- _EXERCISE DESCRIPTION_: A precise copy of the data is required, with every picture left out.

[[ DATA EXCERPT, beginning ]]

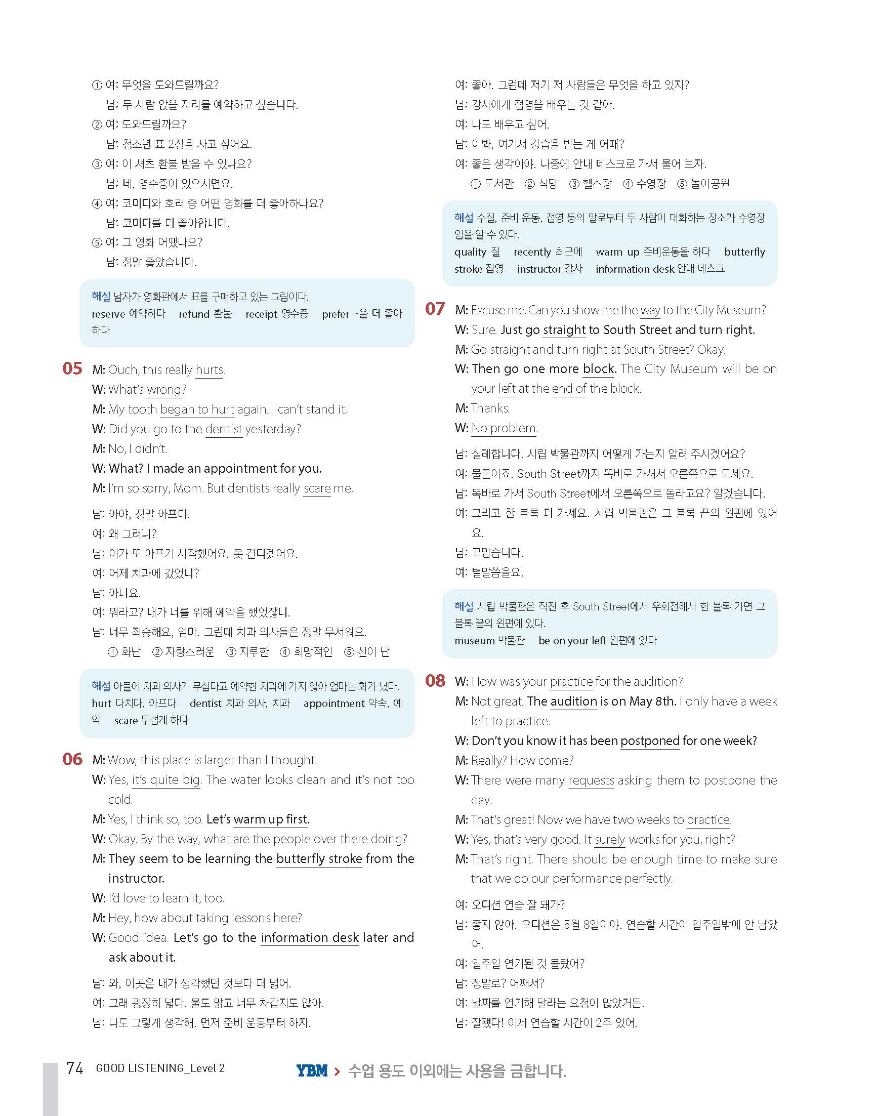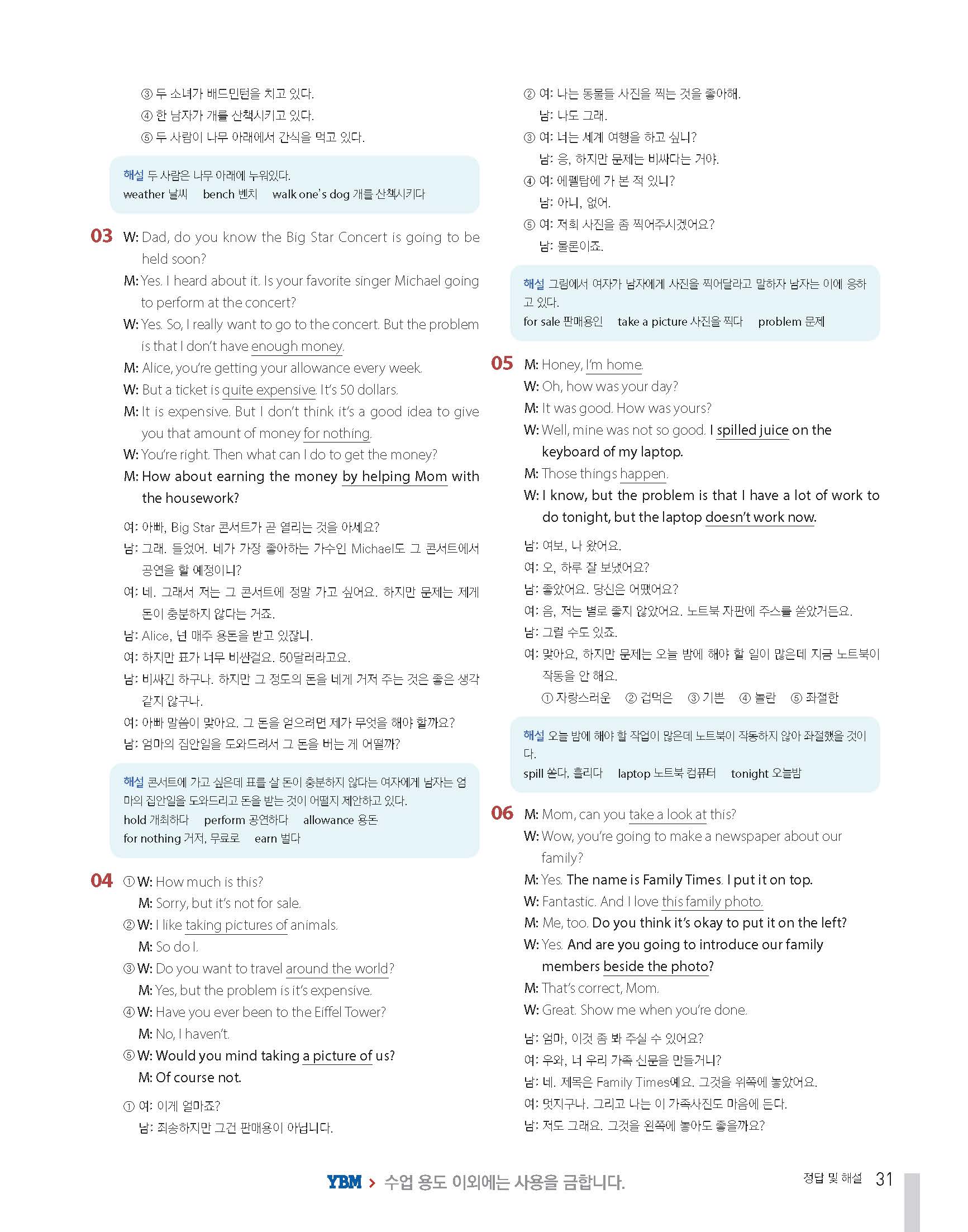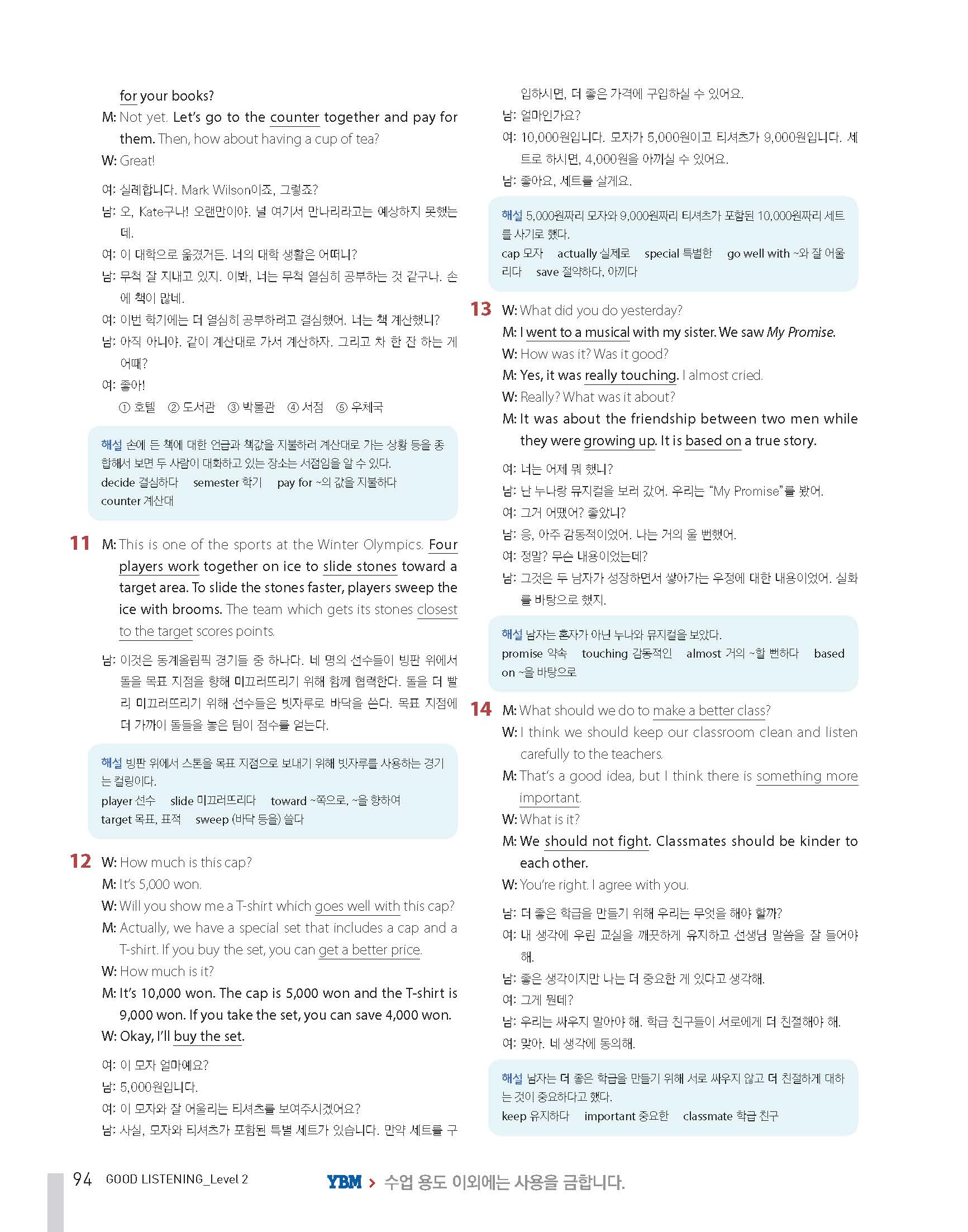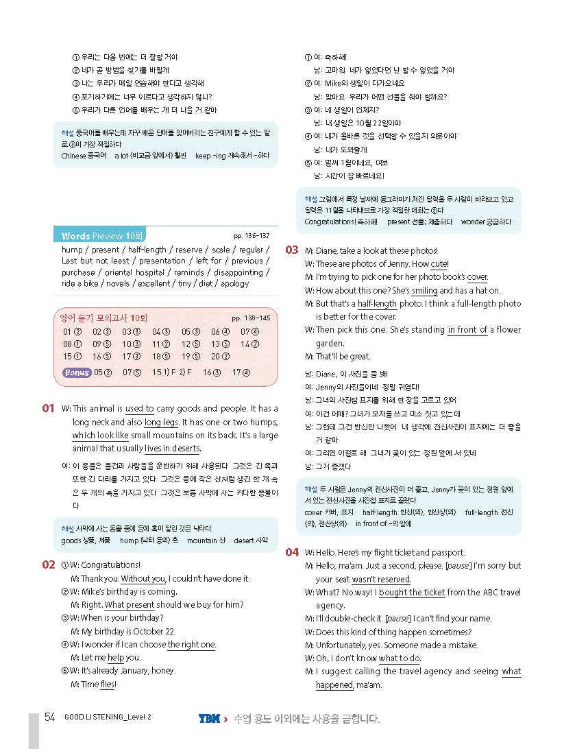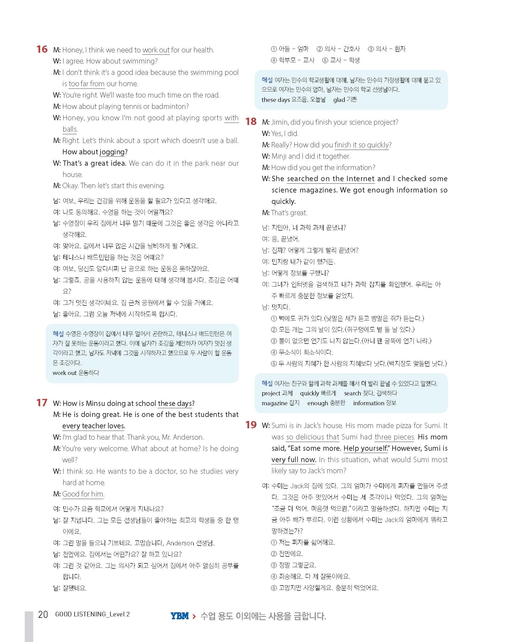 YBM시사 굿리스닝2 Good Listening 2 사진답지 빠른답지 모바일최적화
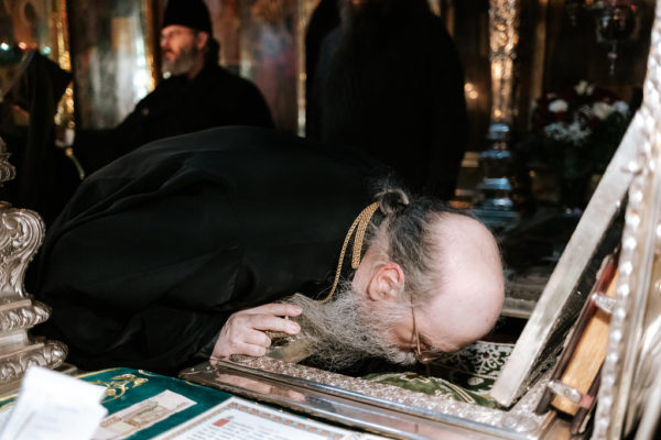 У врат обители почетных гостей встретили заведующий Паломническим центром Лавры иеродиакон Поликарп (Тибанов) и насельник монастыря игумен Филипп (Ельшин). Во встрече также участвовал студент Московской духовной академии диакон Николай Крейгл, клирик Православной Церкви в Америке.
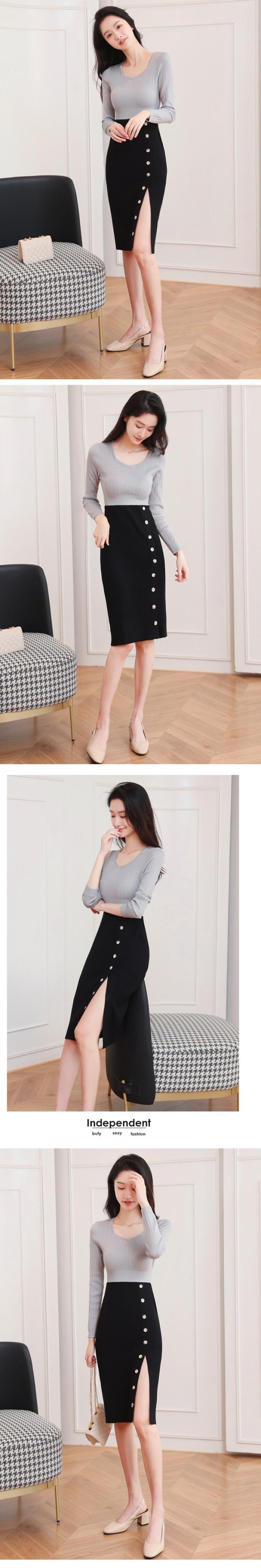 秋のスプリットニット長袖ラウンドネック Tシャツ黒バッグヒップボディコンドレススリムセーター底入れスカート 2 点セット ロング ブラック オータム 秋物 Oネック
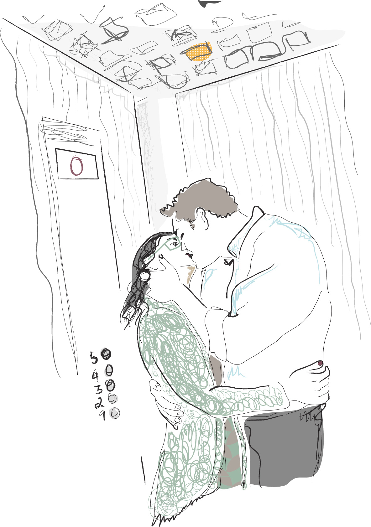 Ganz unromantisch mit zehn Leuten im Glaslift eines Museums. Wo auch sonst?

[[ DATA EXCERPT, end ]]

- _FINISHED TASK_:
 YBM시사 굿리스닝2 Good Listening 2 사진답지 빠른답지 모바일최적화
 У врат обители почетных гостей встретили заведующий Паломническим центром Лавры иеродиакон Поликарп (Тибанов) и насельник монастыря игумен Филипп (Ельшин). Во встрече также участвовал студент Московской духовной академии диакон Николай Крейгл, клирик Православной Церкви в Америке.
 秋のスプリットニット長袖ラウンドネック Tシャツ黒バッグヒップボディコンドレススリムセーター底入れスカート 2 点セット ロング ブラック オータム 秋物 Oネック
 Ganz unromantisch mit zehn Leuten im Glaslift eines Museums. Wo auch sonst?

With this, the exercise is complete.